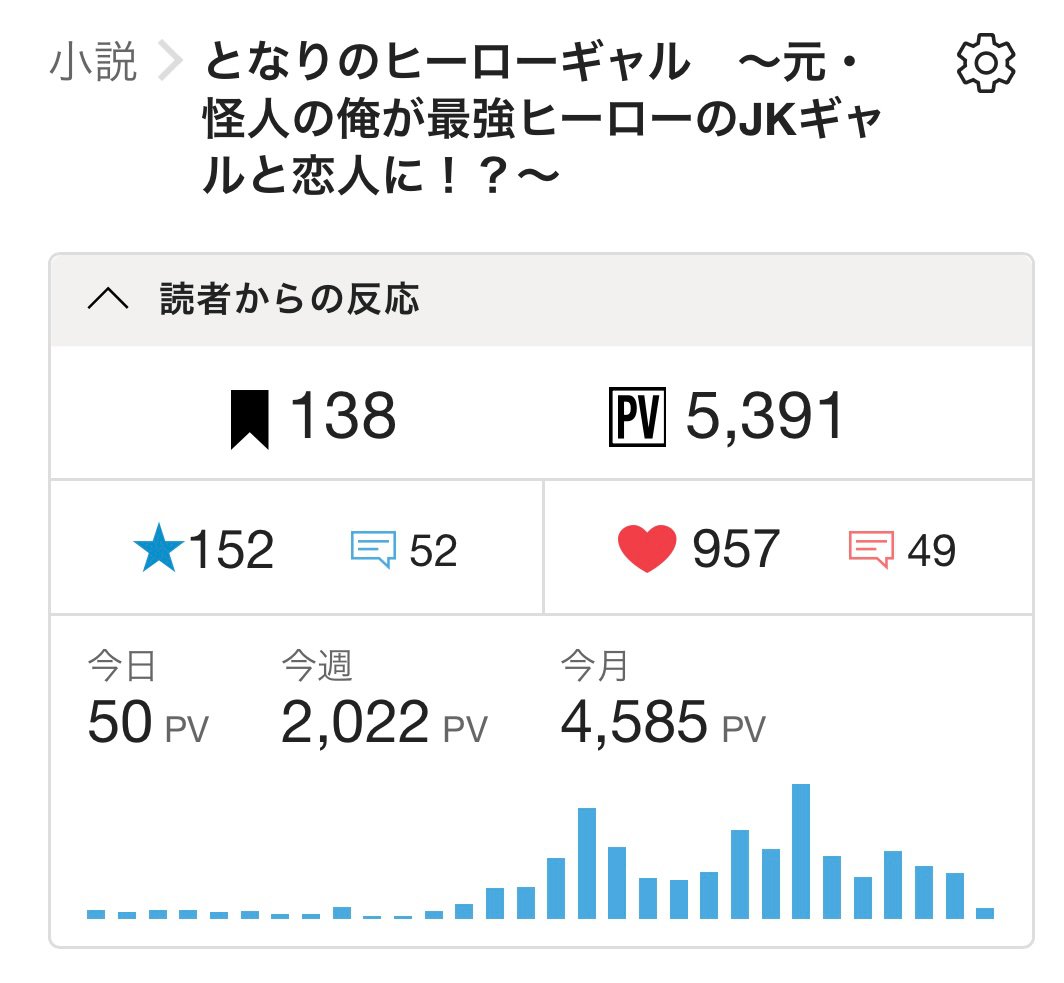 参加作品「となりのヒーローギャル」ですが、おかげさまで累計5000PVと☆150個を突破いたしました✨
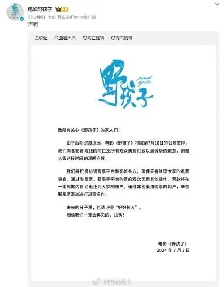 首個早上提檔晚上撤檔的電影!《野孩子》官宣:妥善處理退票事宜
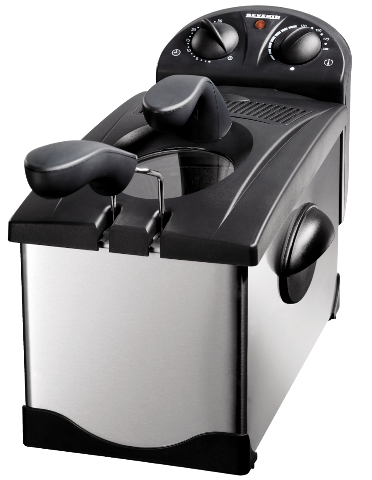 Die Severin hat eine Leistungsaufnahme 2100 Watt, mit der maximal 3 Liter Fett erhitzt werden. Insgesamt können 600Gramm Speisen zubereitet werden. Die Temperatur kann durch einen Drehregler gewählt werden. Leider verfügt das gerät über keinen automatisch öffnenden Deckel, so dass beim Öffnen der Fritteuse Vorsicht geboten ist, da Fett oder heißes Kondenswasser spritzen könnten. Zur Überprüfung des Bräunungsgrads des Frittierguts verfügt die Fritteuse über ein Sichtfenster. Praktisch ist auch der Timer, durch den die Frittierzeit festgelegt werden kann. In dieser Preisklasse sind nicht allzu viele damit ausgestattet. Ein klarer Pluspunkt für die Severin.
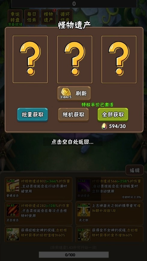 打怪物会掉落怪物遗产,点击后可用于抽取技能经验。当前版本的盗贼需15转后才能解锁(10转前可一直刷普通难度加速解锁),因此前期建议尽量保留遗产碎片,等盗贼三转(小偷路线)后再一次性使用。
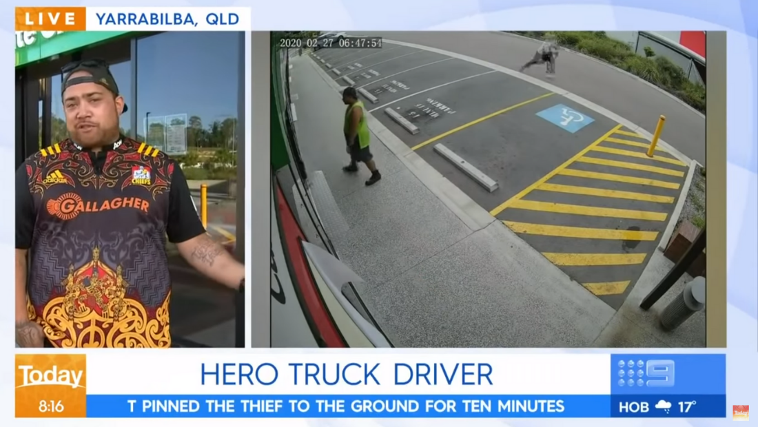 T was simply dropping off some magazines at his local Coles, when a lady in the medical center waved him down and told him a robbery was happening next door. T stood by the door and although the first robber got away, he pinned the second one down.
######
EXERCISE
Print exactly, and print only, the lines from the line with "打怪物会掉落怪物遗产,点击后" through the last line of the entries, both ends included. No pictures belong in the result.

EXERCISE OUTPUT
 打怪物会掉落怪物遗产,点击后可用于抽取技能经验。当前版本的盗贼需15转后才能解锁(10转前可一直刷普通难度加速解锁),因此前期建议尽量保留遗产碎片,等盗贼三转(小偷路线)后再一次性使用。
 T was simply dropping off some magazines at his local Coles, when a lady in the medical center waved him down and told him a robbery was happening next door. T stood by the door and although the first robber got away, he pinned the second one down.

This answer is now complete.